Ebook: Ontologies and Adaptivity in Dialogue for Question Answering
"The appeal of being able to ask a question to a mobile internet terminal and receive an answer immediately has been renewed by the broad availability of information on the Web. Ideally, a spoken dialogue system that uses the Web as its knowledge base would be able to answer a broad range of questions. A new generation of natural language dialogue systems is emerging that transforms traditional keyword search engines into semantic answering machines by providing exact and concise answers formulated in natural language instead of today's long lists of document references, which the user has to check by himself for relevant answers.
This book presents the anatomy of the fully operational SmartWeb system (funded by the German Federal Ministry of Education and Research with grants totaling 14 million euros) that provides not only an open-domain question answering machine but a multimodal web service interface for coherent dialogue, where questions and commands are interpreted according to the context of the previous conversation. One of the key innovations described in this book is the ability of the system to learn how to predict the probability that it can answer a complex user query in a given time interval.
Daniel Sonntag's work within the SmartWeb project has laid important foundations for Theseus's efforts towards semantic web technologies for the Web 3.0. Theseus is the German flagship project on the Internet of Services, where the user can delegate complex tasks to dynamically composed semantic web services by utilizing multimodal interaction combining speech and multi-touch input on advanced smartphones."

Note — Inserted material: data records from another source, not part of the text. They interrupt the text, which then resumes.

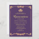 Convite Clássico Quinceañera. Com fontes de script, tiara, design de cor roxa e dourada.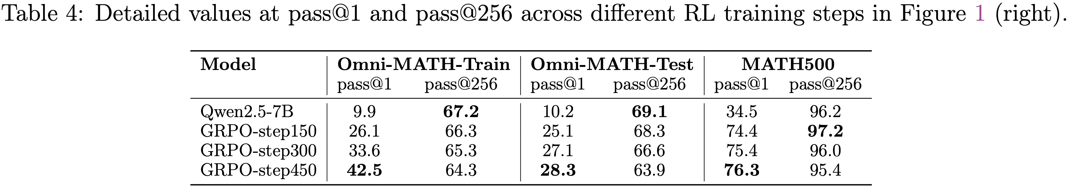 • 表 4:图 1(右)中不同 RL 训练步骤在 pass@1 和 pass@256 的详细数值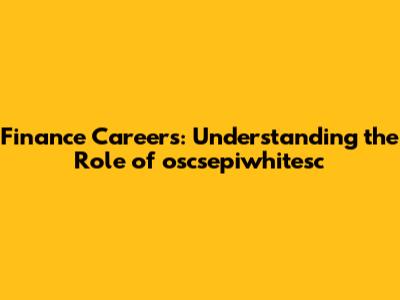 Finance Careers: Understanding The Role Of Oscsepiwhitesc
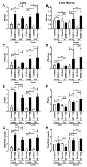 Angiogenesis parameters associated with ECs isolated from lungs (A,C,E,G) or bone marrow (B,D,F,H). The number of nodes (A,B), the number of meshes (C,D), the number of paths (vessel-like tubes) (E,F), and the total path length (G,H) were quantified. Young male control (vehicle treated) expression was set to 1.0 and expression in all other samples are shown relative to the young male control. Data are expressed as the mean ± SD. An unpaired Student’s t-test was used to identify statistically significant differences. n = 5 mice/sex/age. ns = not significant, * p < 0.05, ** p < 0.01, and *** p < 0.001.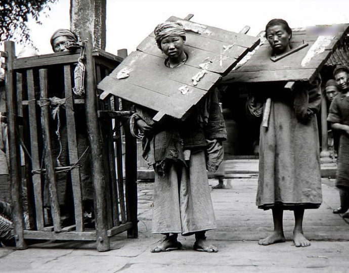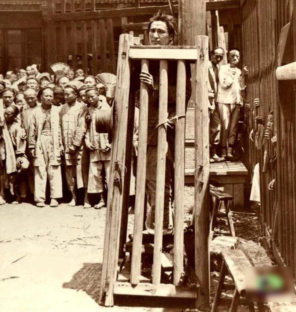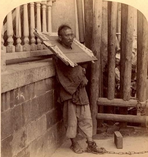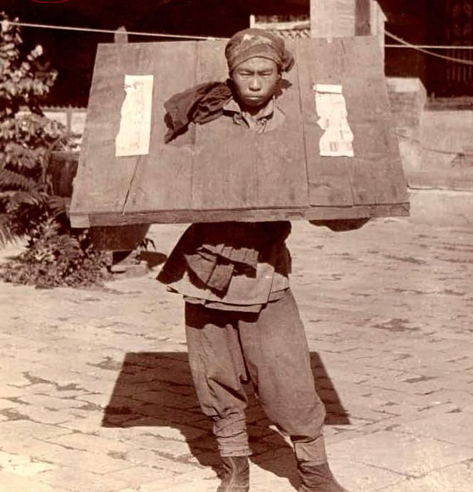 清代的斩立决、绞立决犯人由各府、厅、州、县审讯,有情节重大、罪不可赦罪名者,行刑时罪犯由监狱提出,讯明姓名、验明身首,当堂赏以酒、肉、饭食各一碗,届时一声炮响,刽子手举刀一挥,人头落地,取其首悬挂于市南门城墙或三牌坊枭首示众。图为戴木枷的人,摄于1902年。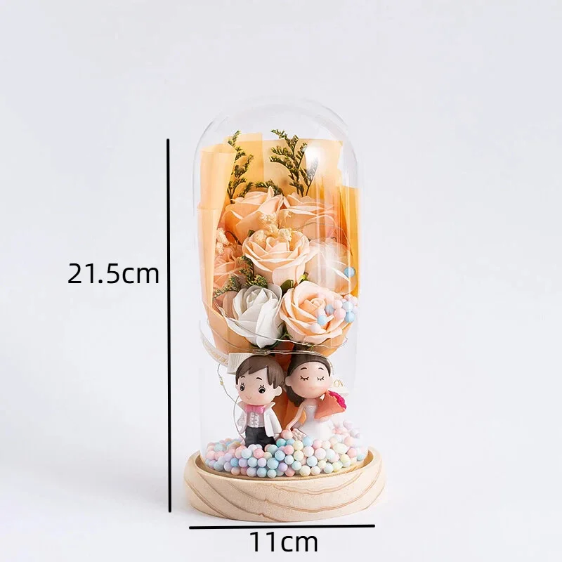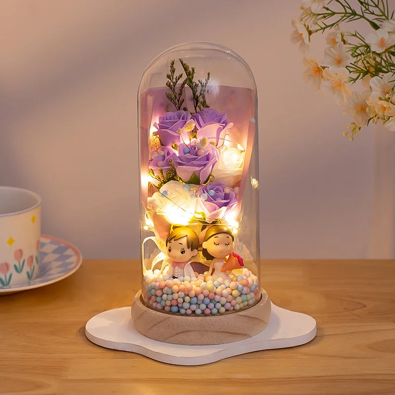 Valentine's Day Gift Soap Flower Glass Cover Night Light Birthday Gift Practical for Girls High Sense of Tanabata Bouquet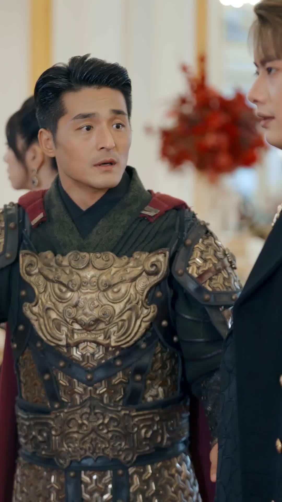Picture this: a grand ballroom, all marble and gilt, where the air smells faintly of beeswax and tension. Red floral installations hang like banners of defiance, and the floor—polished to mirror perfection—reflects not just the chandeliers, but the fractures forming between men who once shared a table, a toast, maybe even a secret. This isn’t a party. It’s a tribunal disguised as diplomacy. And at its heart? Li Wei, standing like a statue carved from legacy, his armor not merely decorative, but *alive*—each plate whispering stories of sieges, oaths, and betrayals buried under layers of lacquer and leather. The lion’s face on his cuirass isn’t ornamental; it’s a warning. Its eyes, cast in aged bronze, seem to follow you even when you look away. Li Wei doesn’t need to raise his voice. His stillness is louder than any shout. Behind him, Lin Xiao watches, her posture rigid, her hands clasped—not in prayer, but in readiness. She’s not just a witness. She’s the archive. Every blink she makes feels like a footnote in a manuscript no one else is allowed to read.
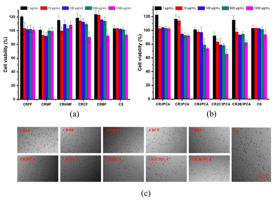 The cytotoxicity profile of chitosan and ten chitosan derivatives was evaluated in vitro by the MTT method, using L929 mice fibroblast cells line (L929, obtained from China Center for Type Culture Collection, Shandong Luye Pharmaceutical Co., Ltd., Yantai, China), which have a high differentiation capacity and ease of culture in vitro. The mechanism of MTT assay is that succinate dehydrogenase in the mitochondria of living cells restore exogenous MTT (3-(4,5-dimethyl-2-thizolyl)-2,5-diphenyltertazolium bromide) into formazan (a purple crystal insoluble in water). DMSO was added to dissolve formazan, and the number of cells was measured by measuring the absorbance of the solution. The cytotoxicity of the samples as shown in Figure 8a,b, it can be seen that CRFF, CRMF, CRHMF, CR2PCA, and CR3PCA were hardly toxic to L929 cells in the concentration range of 1–1000 µg/mL, while CRCF, CRBF, CR4PCA, CR2C3PCA, and CR2B3PCA had some cytotoxicity at 1000 µg/mL. For all samples, within the concentration range of the test sample, the cell viability exceeded 80%, which intuitively indicated low cytotoxicity. The morphology of the cells can be seen in Figure 8c. The normal cell morphology is spindle-shaped and adheres well to the cell wall, while the sample is toxic, the cells have a rounded morphology and no longer adhere to the cell wall. In conclusion, the non-toxicity of the chitosan derivatives was initially confirmed by the L929 cytotoxicity test and further experimental studies will be conducted if practical applications are considered.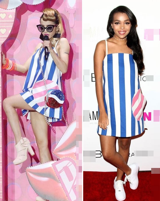 | Nữ ca sĩ Thái Y Lâm và Daphne Blunt xinh tươi khi diện váy kẻ sọc. Thiết kế này luôn tạo cho chủ nhân sự thanh thoát và cao ráo. |
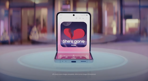 A young woman sees the new Samsung Z Flip3 Galaxy phone in a store window. She moves on but the phone has fallen in love with her and expresses its love with a broken heart and a heartbreak playlist, She’s gone. All the other Samsung devices join in the lovefest display. Wieden + Kennedy Amsterdam has invented a slightly clunky way for to show the Samsung range in one commercial – with The Backstreet Boys’ I Want it That Way playing in the background to give it a dash of emotion.
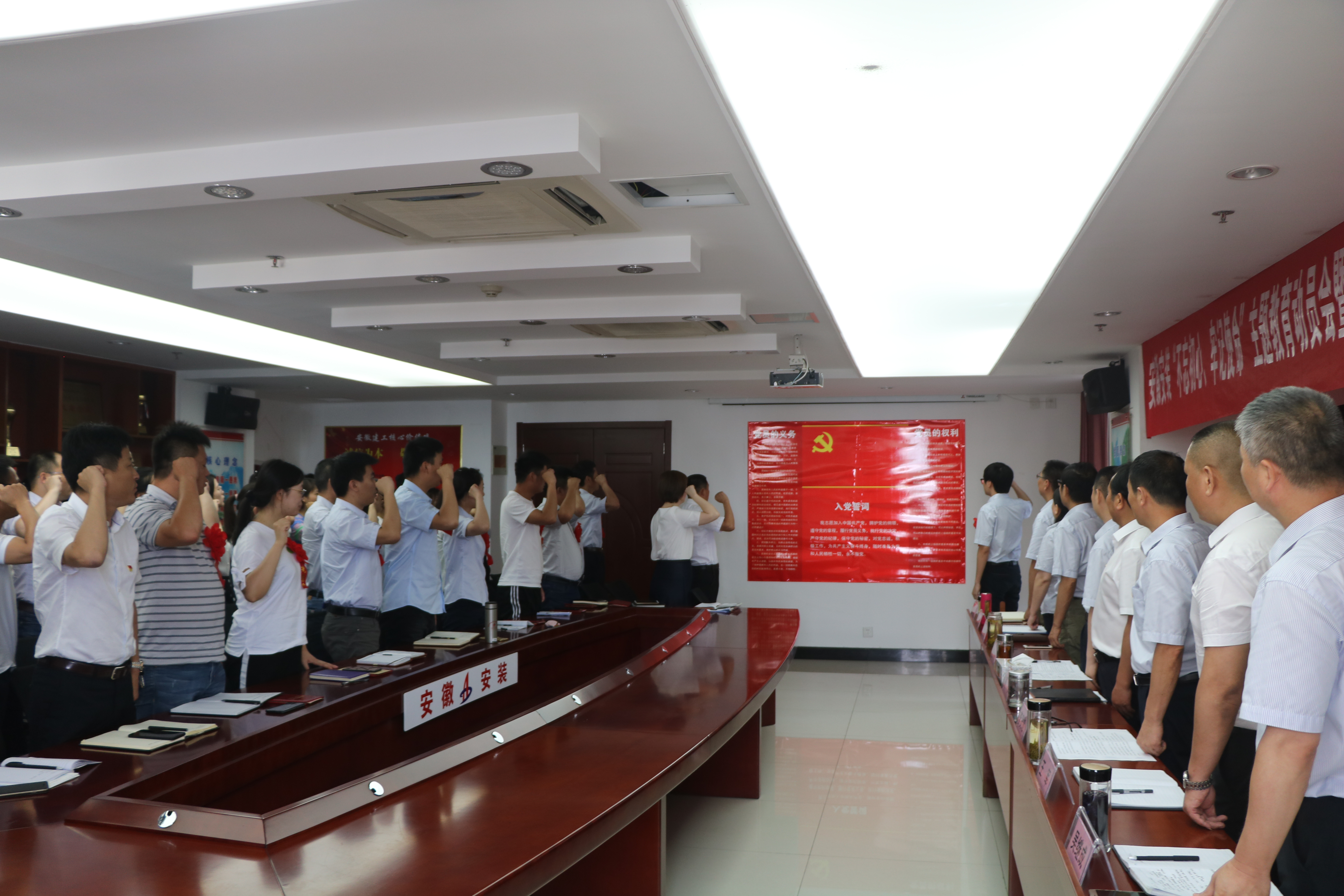 胡六中指出,開展“不忘初心、牢記使命”主題教育,是使廣大黨員樹牢理想信念,堅定政治立場,貫徹落實習(xí)近平新時代中國特色社會主義的重要舉措。我們要始終牢記中國共產(chǎn)黨人的初心和使命,加強組織紀(jì)律,解決好目前工作中存在的問題,不斷提升基層黨支部的黨建工作水平,充分發(fā)揮其戰(zhàn)斗堡壘作用。公司全體黨員干部要重點圍繞習(xí)近平總書記對領(lǐng)導(dǎo)干部提出的“五個過硬”要求立形象、作標(biāo)桿,以“我將無我,不負人民”的境界和擔(dān)當(dāng),堅定理想信念,站穩(wěn)政治立場,勇?lián)?dāng)、敢作為,以永不懈怠的精神狀態(tài)和一往無前的奮斗姿態(tài),搶抓機遇,扎實苦干,為推動安徽安裝實現(xiàn)高質(zhì)量發(fā)展而不懈奮斗!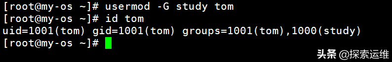 # 修改添加附件组 [root@my-os ~]# usermod -G study tom [root@my-os ~]# id tom uid=1001(tom) gid=1001(tom) groups=1001(tom),1000(study)

Wolfgang Wahlster and Randy Goebel
The appeal of being able to ask a question to a mobile internet terminal and receive an answer immediately has been renewed by the broad availability of information on the Web. Ideally, a spoken dialogue system that uses the Web as its knowledge base would be able to answer a broad range of questions. A new generation of natural language dialogue systems is emerging that transforms traditional keyword search engines into semantic answering machines by providing exact and concise answers formulated in natural language instead of today's long lists of document references, which the user has to check by himself for relevant answers.
Daniel Sonntag presents the anatomy of the fully operational SmartWeb system (funded by the German Federal Ministry of Education and Research with grants totaling 14 million euros) that provides not only an open-domain question answering machine but a multimodal web service interface for coherent dialogue, where questions and commands are interpreted according to the context of the previous conversation. One of the key innovations described in this book is the ability of the system to learn how to predict the probability that it can answer a complex user query in a given time interval.
Daniel Sonntag's book presents a question-answering software architecture that exploits two central ideas: the creation of a meta structure for building, exploiting, and maintaining the ontologies necessary for effective question-answering dialogue, and the specification and demonstration of how adaptivity during the interactive question-answering task can improve the exploitation of this new architecture to incrementally improve the quality of the question-answering process. The overall idea of exploiting meta structures for knowledge management is at least as old as the ideas from the formal philosophy literature on self-reference and higher order logics, so the contribution here is not focused on any new tricky reinterpretation or formal maneuvering. In fact, the key contribution is the construction of an explicit architecture that supports algorithmic processing at the meta level, in order to exploit knowledge about knowledge, e.g., ontological knowledge and structure of dialogue, to improve both the effectiveness (good answers) and efficiency (faster answers) of the question-answering process.
All this is presented in the context of a concrete implementation as a component of the large SmartWeb system, which not only explicitly articulates the scaffolding of the meta architecture, but demonstrates a variety of modern techniques as the basis for implementation: for example, the definition and construction of a dialogue management system based on the application of constraints. And finally, this dialogue architecture supports the deployment of an adaptive process that, since explicit reasoning about the structure of a dialogue is possible, can dynamically improve performance by amalgamating the object-level dialogue histories. The summary of these contributions is captured within a detailed evaluation methodology applied to the question-answering implementation, which provides a kind of case-study guide to the deployment of the overall architecture, as well as a demonstration of the abstract value of the meta representation and adaptivity methods.
Daniel Sonntag's work within the SmartWeb project has laid important foundations for Theseus's efforts towards semantic web technologies for the Web 3.0. Theseus is the German flagship project on the Internet of Services, where the user can delegate complex tasks to dynamically composed semantic web services by utilizing multimodal interaction combining speech and multi-touch input on advanced smartphones.
In summary, Daniel Sonntag provides a detailed and careful analysis of the background and application of two very powerful and potentially complex ideas (meta data/reasoning, adaptivity/learning) within a framework that helps not only examine the theoretical tradeoffs in their application, but demonstrates how their value is obtained in a working system. It is hard to ask for more than that.